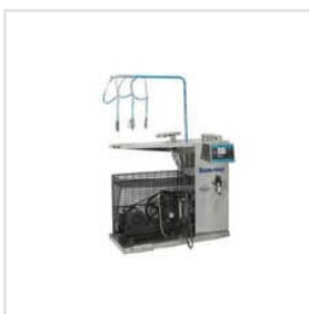
Stain Removing Machines
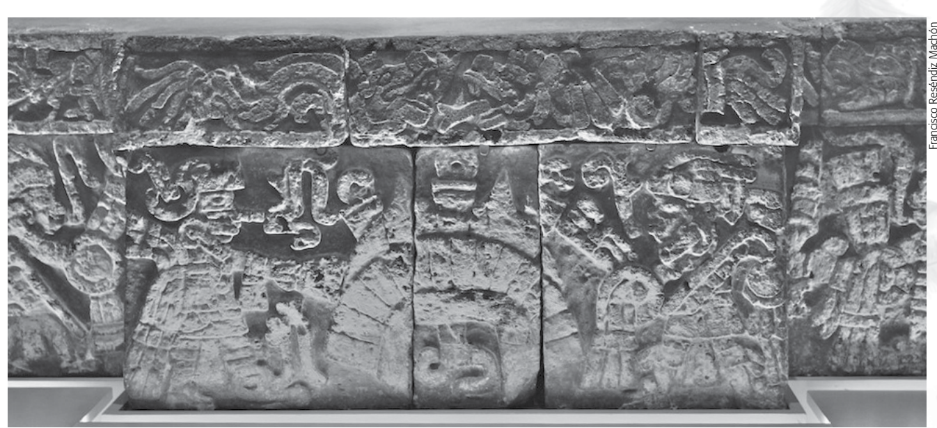
Mexican bench from the Templo Mayor (High Temple) site, National Museum of Anthropology and History.

es flew together through the air . . . and made little girls and boys sick." ^{10}
────
How to complete this task ▸
Repeat the material exactly, without images.

Exercise output ▸
Stain Removing Machines
Mexican bench from the Templo Mayor (High Temple) site, National Museum of Anthropology and History.

es flew together through the air . . . and made little girls and boys sick." ^{10}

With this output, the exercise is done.